Instructions to follow: The copy must match the data word for word and contain no pictures.

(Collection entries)
▽

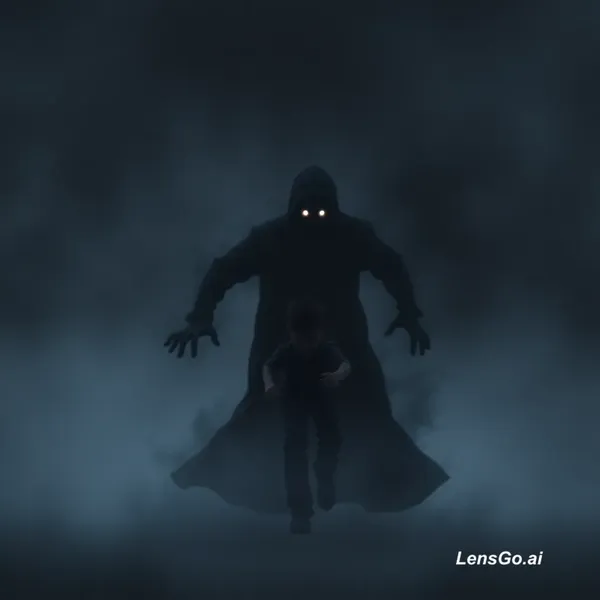 AI Image: faceless shadow entity chasing a boy, black smoky body, glowing eyes, fog, horror atmosphere sem
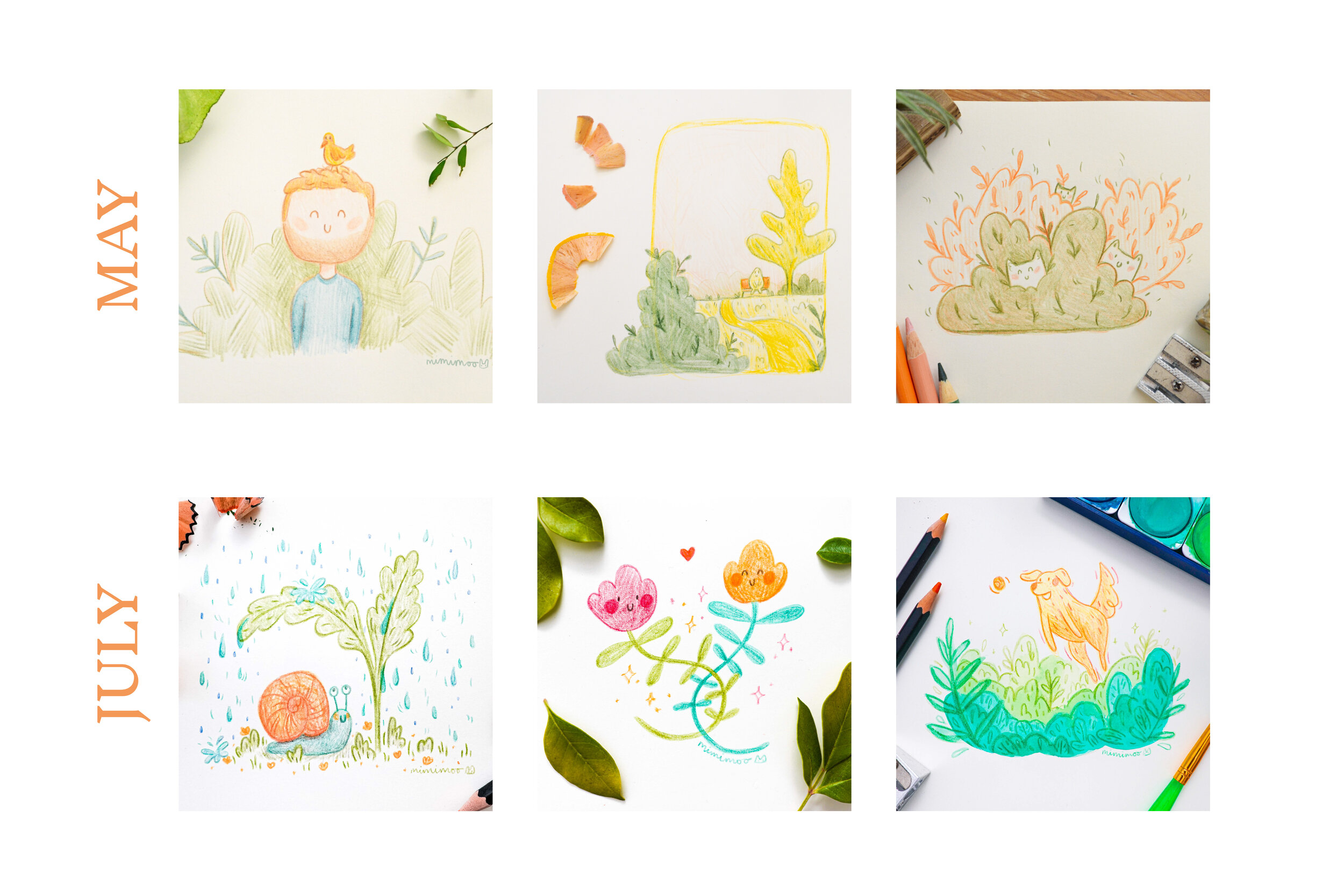 You can see below how my drawings started quite soft, shy and contained, and over time have expanded into bigger, bolder scenes with more elements and more interesting characters.
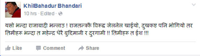 चार दलले ६ प्रदेशको सीमांकनमा सहमति जनाएलगत्तै एमाओवादी समर्थित क्रान्तिकारी पत्रकार खिलबहादुर भण्डारीले राति नै आक्रोशित हुँदै फेसबुकमा यस्तो स्टाटस लेखे- ‘यसोभन्दा राजावादी भन्लाऊ, राजतन्त्रकै विरुद्ध जेलनेल खाइयो, दुःख-कष्ट पनि भोगियो, तर तिमीहरुभन्दा त महेन्द्र धेरै बुद्धिमानी र दुरगामी ! तिमीहरु त ईश !’
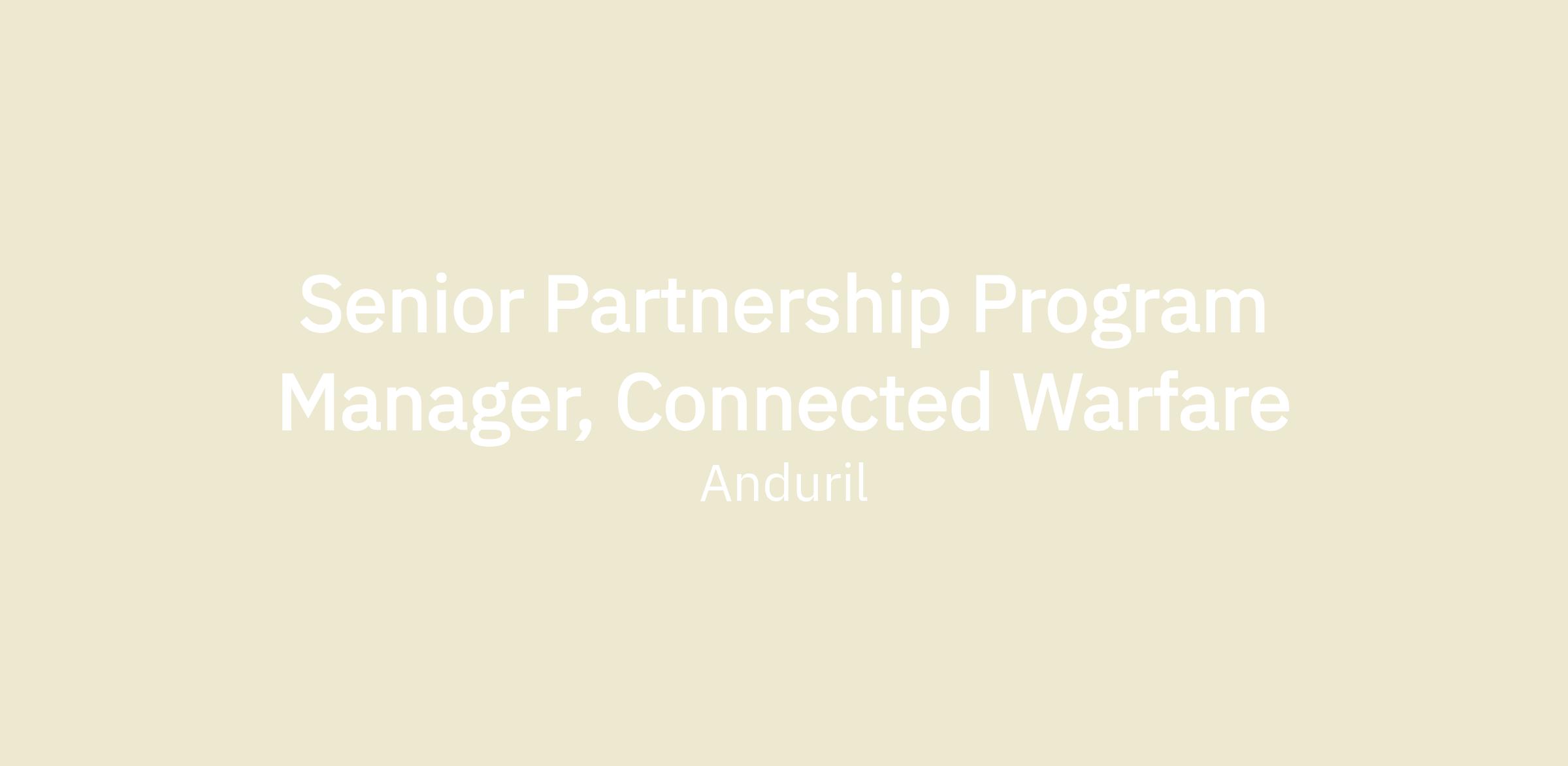 We are seeking an experienced Senior Partnership Program Manager to lead efforts across our Connected Warfare business line, which builds systems to support global command and control missions. We create joint, time sensitive, multi domain, ubiquitous, connected mesh ecosystems. Our ecosystem enables connected warfare with disproportional impact by connecting every robot, human, and sensor in every domain, bringing together hundreds of thousands of end points across the globe. We are the substrate that provides the source of truth for time sensitive decision, effectively transforming the way that militaries close kills chains and enable mission autonomy.
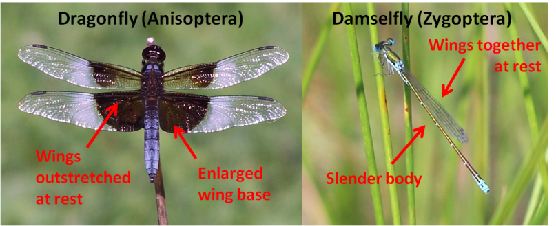 It is fairly easy to tell them apart in the field.  Anything that looks like what most people would call a “dragonfly” is a dragonfly.  The damselflies are more subtle and dainty (hence the name “damsel” flies).  They have been described as “flying neon toothpicks in the grass” and that is a pretty good description!  Here’s a comparison of the two groups as you might see them in your backyard:
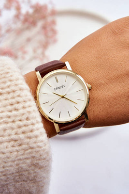 Damski Zegarek Ze Złotą Kopertą Ernest Brązowy Vega
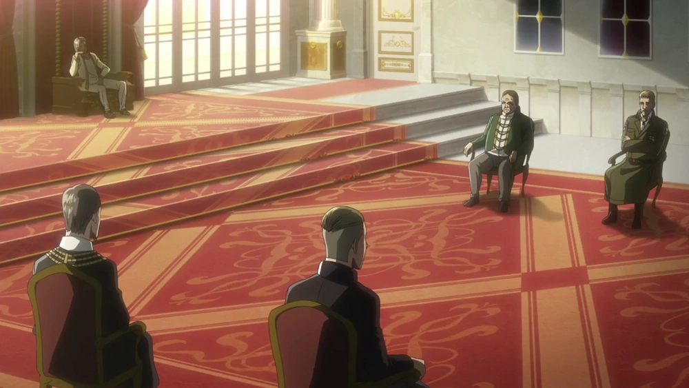 Тем временем в столице Митра, в тронным зале дворца королевские чиновники обсуждают о местонахождении Эрена и Хистории, и о дальнейшей судьбе Разведкорпуса и Эрвина Смита, они согласовали решить этот вопрос согласно людской хартии, как всегда они и делали. После чего приходит письмо от Рода Рейсса о том, что Эрвин и Хистория у него, и то, что он также позаботился о Разведкорпусе и Эрвине. Узнав эту информацию чиновники поняли, что уже от них ничего не требуется.

△

Task output:
 AI Image: faceless shadow entity chasing a boy, black smoky body, glowing eyes, fog, horror atmosphere sem
 You can see below how my drawings started quite soft, shy and contained, and over time have expanded into bigger, bolder scenes with more elements and more interesting characters.
 चार दलले ६ प्रदेशको सीमांकनमा सहमति जनाएलगत्तै एमाओवादी समर्थित क्रान्तिकारी पत्रकार खिलबहादुर भण्डारीले राति नै आक्रोशित हुँदै फेसबुकमा यस्तो स्टाटस लेखे- ‘यसोभन्दा राजावादी भन्लाऊ, राजतन्त्रकै विरुद्ध जेलनेल खाइयो, दुःख-कष्ट पनि भोगियो, तर तिमीहरुभन्दा त महेन्द्र धेरै बुद्धिमानी र दुरगामी ! तिमीहरु त ईश !’
 We are seeking an experienced Senior Partnership Program Manager to lead efforts across our Connected Warfare business line, which builds systems to support global command and control missions. We create joint, time sensitive, multi domain, ubiquitous, connected mesh ecosystems. Our ecosystem enables connected warfare with disproportional impact by connecting every robot, human, and sensor in every domain, bringing together hundreds of thousands of end points across the globe. We are the substrate that provides the source of truth for time sensitive decision, effectively transforming the way that militaries close kills chains and enable mission autonomy.
 It is fairly easy to tell them apart in the field.  Anything that looks like what most people would call a “dragonfly” is a dragonfly.  The damselflies are more subtle and dainty (hence the name “damsel” flies).  They have been described as “flying neon toothpicks in the grass” and that is a pretty good description!  Here’s a comparison of the two groups as you might see them in your backyard:
 Damski Zegarek Ze Złotą Kopertą Ernest Brązowy Vega
 Тем временем в столице Митра, в тронным зале дворца королевские чиновники обсуждают о местонахождении Эрена и Хистории, и о дальнейшей судьбе Разведкорпуса и Эрвина Смита, они согласовали решить этот вопрос согласно людской хартии, как всегда они и делали. После чего приходит письмо от Рода Рейсса о том, что Эрвин и Хистория у него, и то, что он также позаботился о Разведкорпусе и Эрвине. Узнав эту информацию чиновники поняли, что уже от них ничего не требуется.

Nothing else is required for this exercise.